Il mio era un lupo gentile. Non brigantino come quello dei fratelli Grimm e neanche subdolo come quello di Perrault. Aveva gli occhi d’ambra e il manto corvino. Niente cappuccio rosso o cesto colmo di vivande. E la nonna era al sicuro nella sua vecchia casa condominiale, lontana dal bosco. L’obiettivo della traversata, in quell’imbrunire memoriale, era meno nobile del dono parentale. E non c’erano bivi né sentieri. Dovevo fare pipì. E mi allontanai da tutte le voci perché ero molto timida. Saltellando come una ranocchia sui massi del ruscello, nel grembo già ombroso del bosco, trovai la mia alcova tra i cespugli, dopo il tributo di riccioli d’oro sui roveti. Accovacciata tra le felci come una lepre distratta.
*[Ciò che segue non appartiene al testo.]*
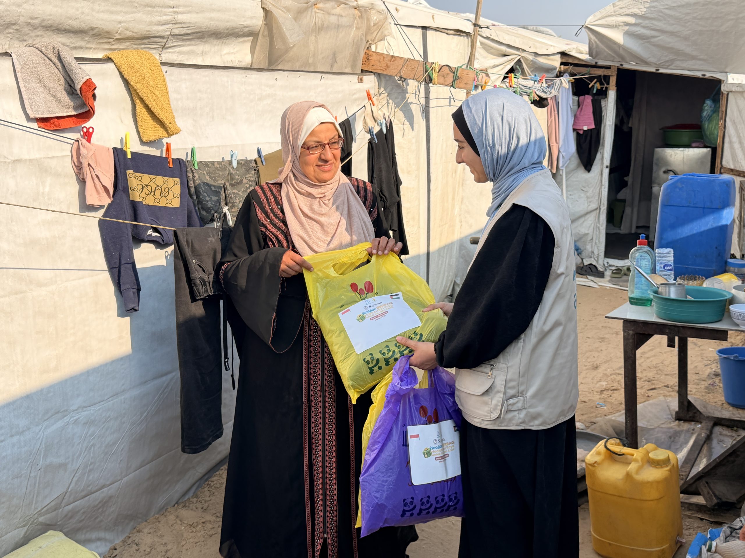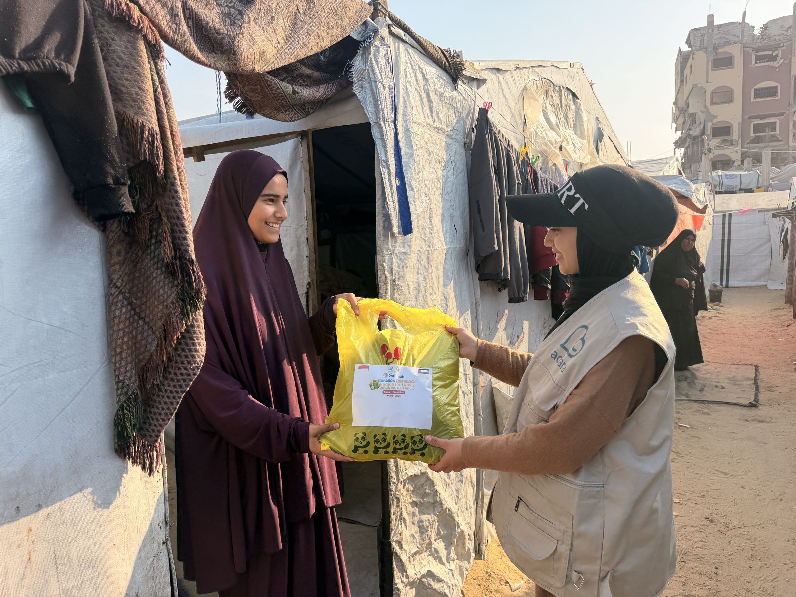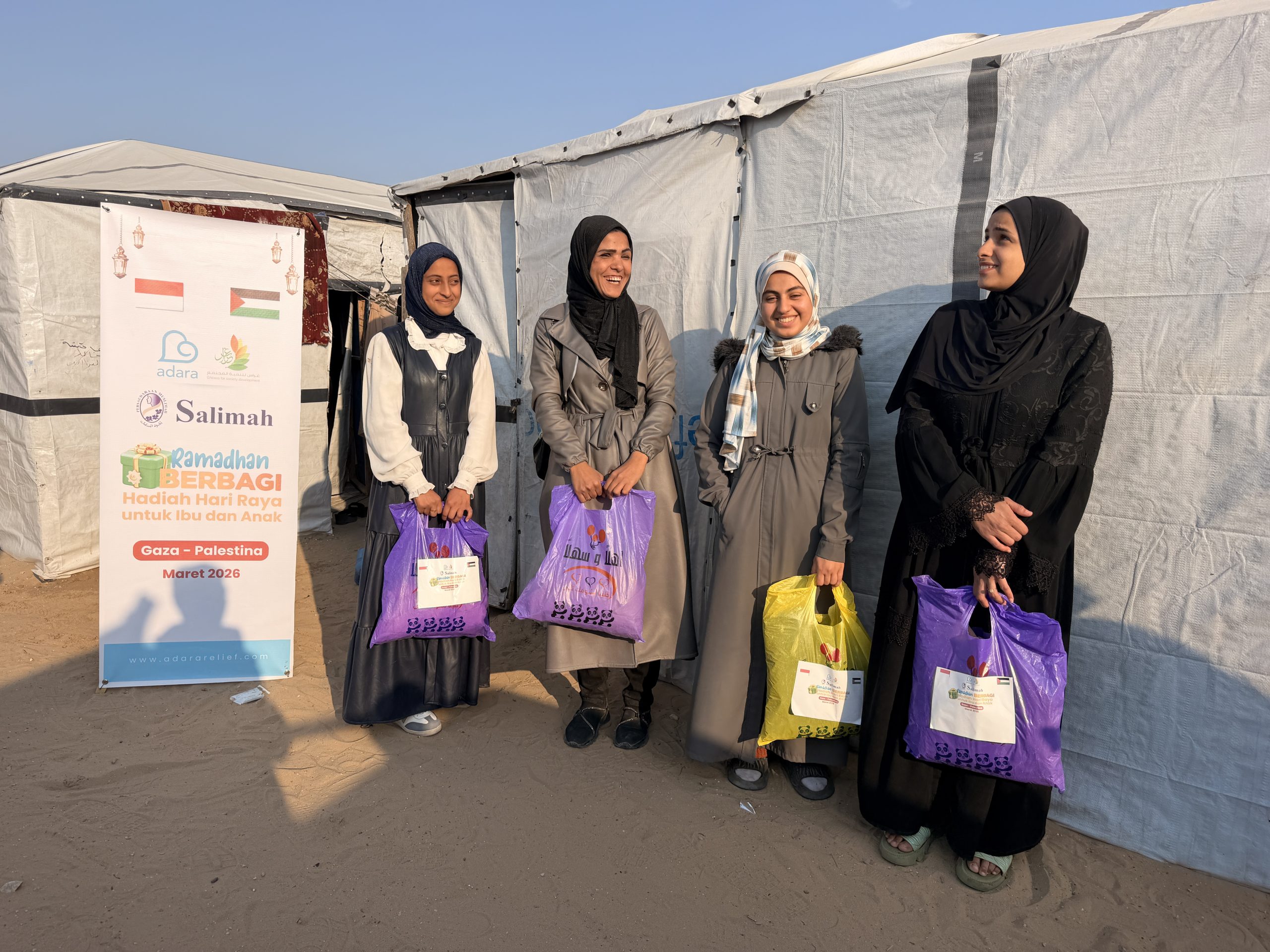 Kehilangan orang-orang tercinta dan terpaksa mengungsi terus menerus telah menjadi tekanan bagi mental perempuan dan anak-anak di Jalur Gaza. Oleh sebab itu, menjelang Idul Fitri, Sahabat Adara mengirimkan hadiah Hari Raya untuk menghibur mereka. Pada 11 dan 14 Maret 2026, hadiah Hari Raya untuk perempuan dan anak-anak telah tiba di Gaza. Hadiah ini berupa pakaian baru untuk mereka kenakan saat Idul Fitri. Hadiah Hari Raya yang Sahabat Adara kirimkan telah memberi manfaat bagi 68 ibu dan 70 anak di Khan Younis.

E lo vidi, tra i rami spinosi: una macchia più scura sotto la palpebra ancora schiusa del giorno che muore. Aveva il tramonto negli occhi e le narici curiose. Non avevo paura. Era di fronte a me come uno specchio, eppure vedevo la linea del suo corpo da una prospettiva sinistra, affascinante. Non ci furono parole, né mi indicò una via più sicura da seguire. Restammo lì: il lupo e la bambina. Poi ebbi l’istinto del contatto e forse fu un errore: appena allungai la manina verso di lui scappò via, una nuvola di fumo nero sciolta tra le foglie. La mano tesa e vuota verso il nulla e una profonda tristezza. Ma il dispiacere lasciò il posto ad una gioia che non so dire. E tornai correndo verso mia madre, il piccolo cuore impazzito. Avevo una storia vera, non una fiaba. E mi aveva attraversata tutta, al punto da non riuscire a raccontare.

“Mamma ho visto un lupo!” : la banalità delle parole non riusciva a ricalcare l’emozione.

Fu la prima volta che sperimentai l’incapacità del significante, la prima volta che m’innamorai.